About an hour later, we called them. The older son answered and sadly informed us that his mother was too anxious to have us come over. We suggested that he visit us at our apartment instead, and he happily agreed.

The two brothers came over, and we had a long conversation. We left them with some books about Judaism to study, exchanged contact information, and they promised to stay in touch.

As we concluded our Pesach activities in Cairns, we felt that we had been granted a beautiful gift—a sense of purpose and direction, and a security in the knowledge that G‑d was guiding our steps. We hope that our actions paid a small tribute to the vision of the Lubavitcher Rebbe, Rabbi Menachem Mendel Schneerson, of righteous memory, who saw the value of every Jew, and established an army to bring them back home.

My name is Lev Yaakov Voskoboynik and I live in Northridge, California. I used to be your average Los Angeles teenager—toiling in rigorous high school courses, partying when I could, and heavily involved in sports (I was a varsity tennis captain and a Los Angeles Tennis Champion). Life was good—busy and fun —but I always had a niggling feeling that something was missing.

Three years ago I attended the CTeen Extreme Summer Experience, and the impact it had on my life has been nothing short of incredible. In a nutshell: I am currently attending Yeshiva Ohr Elchonon Chabad in Los Angeles, and, in between attacking my studies I have created numerous outreach programs here to help share the light and beauty of Judaism, such as CTeen Yeshiva night, Shabbatons, and Jewish programming.

This Passover, I had the privilege of travelling to the Quad Cities to help the local Chabad rabbi, Rabbi Shneur Cadaner, with his holiday activities.
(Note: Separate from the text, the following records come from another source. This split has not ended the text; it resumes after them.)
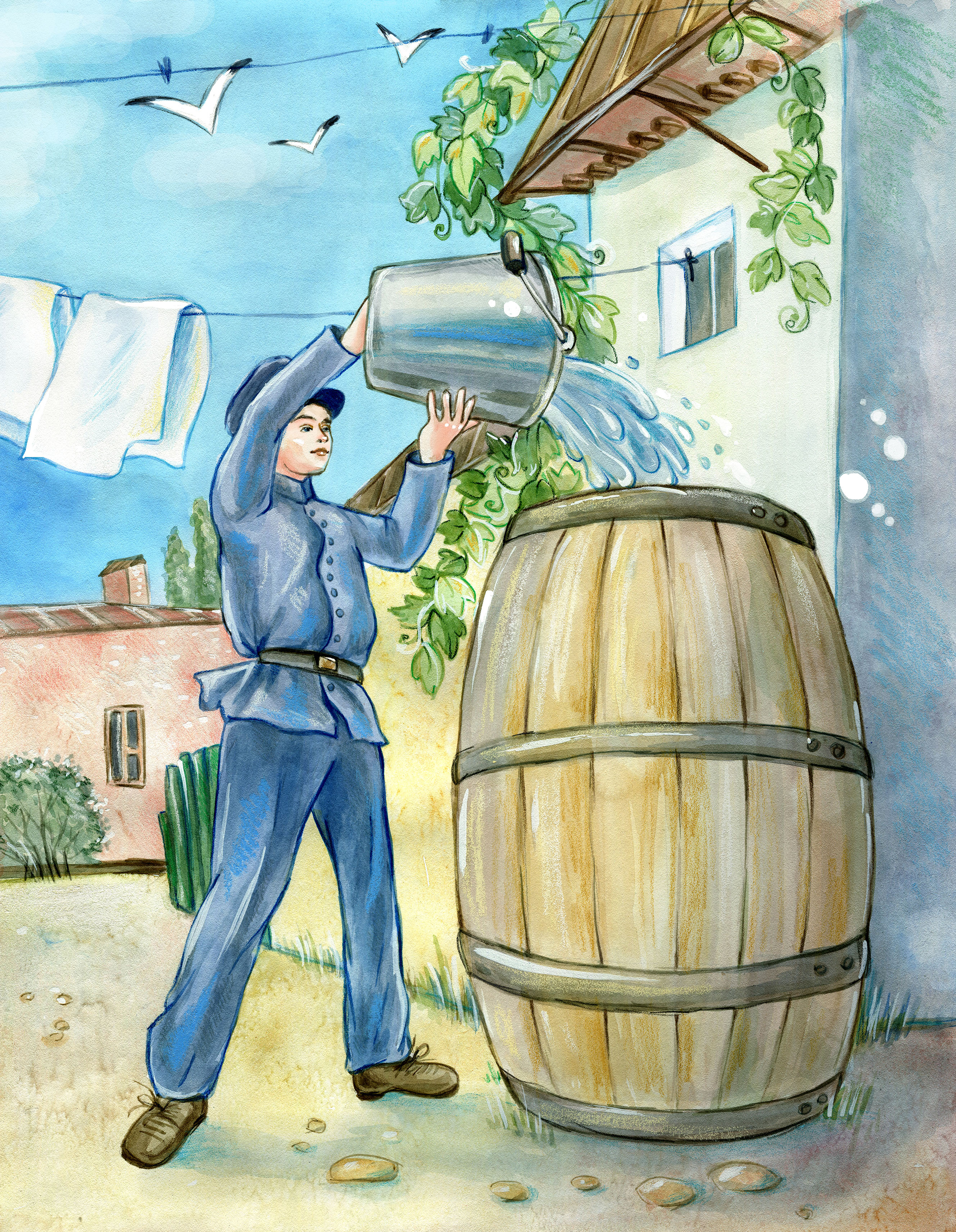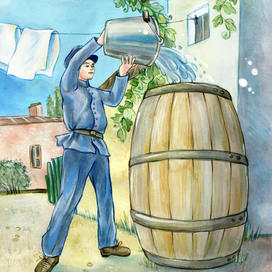 Коля в детстве у дома в Одессе, набирает воду
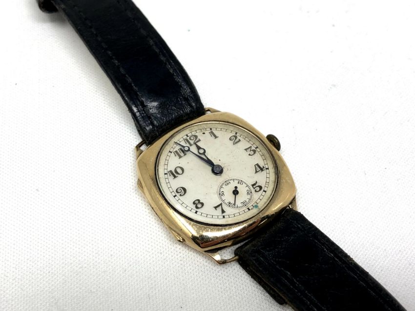 A gent's vintage 9ct gold cushion shaped wristwatch
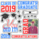 Create a cute scrapbook page for your graduate with this Red and Blue Photo Graduation Stickers. You can personalise this with the grad's photo and the class year in two spots. Phrases like 'You did it', 'Congrats! Graduate', 'Class of 2024', 'Grad' and 'Congratulations' are in blue or red text. It also features grad cap, diplomas and stars.

This was my first stint as a “roving rabbi,” and when all is said and done it was the best experience of my life. I came into Iowa, as a home-grown California boy, having absolutely no expectations. I arrived to a thriving Jewish community with a rabbi and his family who are helping to connect all those around them to Judaism.

We hit the ground running. Assisted by my friend, Aharon Chanan Weindruch, we distributed close to 100 boxes of matzah to Jews throughout the Quad Cities within four days, as well as installing several mezuzahs and putting on tefillin with many in the community. The highlight, hands down, was the beautiful Seder, which brought together many of the local Jews, people who originally hailed from Israel, the FSU, and all over the United States. It was truly inspiring to witness a tactile expression of how we Jews are united, no matter who we are, where we live, or where we find ourselves in life.

Since I haven’t had the advantage of a complete Jewish education, I like to use every opportunity to expand my knowledge. Here are my notes from this Passover:

The Jewish nation is truly an eternal and unified people, an “eternal nation unto G‑d.” When we, as Jews, stay together and remember that nothing can stop us from connecting to G‑d and connecting with each other, that will bring the ultimate time of freedom, a time of breaking of one’s true boundaries, and connecting to the ultimate truth, the Torah. Next Passover, may we all sit together at the glorious Seder in Jerusalem!